Elbette herkes Karaca kadar şanslı değildi. Sürgünlerden birisi olan Prof. Dr. Niyazi Berkes, 1948’de “DTCF tasfiyeleri” olarak bilinen gelişmelerle üniversiteden uzaklaştırılmış ve çareyi gönüllü sürgün olmakta bulmuştu. 1952’de Kanada’ya gelen Berkes, 1975’te emekli olunca İngiltere’ye geldi ve vefat ettiği 1988’e kadar Londra yakınlarında bir kasabada yaşadı.
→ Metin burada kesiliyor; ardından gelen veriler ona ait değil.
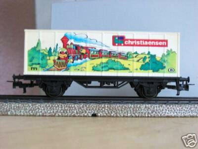 | | | 93504 de 1993 = , wagon porte-container à 2 essieux, châssis noir, container blanc avec oiseaux et étoiles, inscription "CHRISTIAENSEN", 500 exemplaires, AC (upd 25/02/2011) |

“Yersiz yurtsuz” bir hayat yaşayan ve adeta “Persona non grata” ilan edilen Berkes için anlatılan “Türkiye’ye dönmeye ilk defa karar verdiğinde 27 Mayıs Darbesi, ikinci kararında 12 Mart Muhtırası, üçüncü ve son kararında ise 12 Eylül Darbesi oldu ve ülkesine dönemeden vefat etti” sözü, Türkiye’nin istikrarsız rejimi için iyi bir örnek olarak gösterilebilir.
İşte bir Türkiye gerçeği olan sürgünlerin büyük bir kısmı, ülkelerini terk ettikten sonra bir gün geri dönme ümitlerini hep canlı tuttular. Şanslı sürgünler bazen II. Meşrutiyet Affı, Yüzelliliklerin Affı, 50. Yıl Affı gibi büyük kapsamlı aflarla bazen de şahsi aflarla Türkiye’ye geri dönseler de önemli bir kısmı bir daha vatan toprağını göremeden gurbette vefat ettiler.
Kaynaklar: B. Çağlar, “Zindandan Gelen Sada”, Osmanlı’da Siyaset ve Diplomasi, İstanbul, Osamer, 2016; F. Çakmak, “Şeref Kurbanları ve Tıbbiyeliler”, Vatan ve Sıhhat, İzmir, 2015; A. Acehan, “Tanzimat Fermanı’ndan Bugüne Edebi Sürgün”, TÜBAR, 2017, XXII; M. Korkmaz, Osmanlı Devleti’nde Siyasi İktidarın Baskı Aracı Olarak Sürgünler, AÜ SBE Yüksek Lisans Tezi, Ankara, 2017.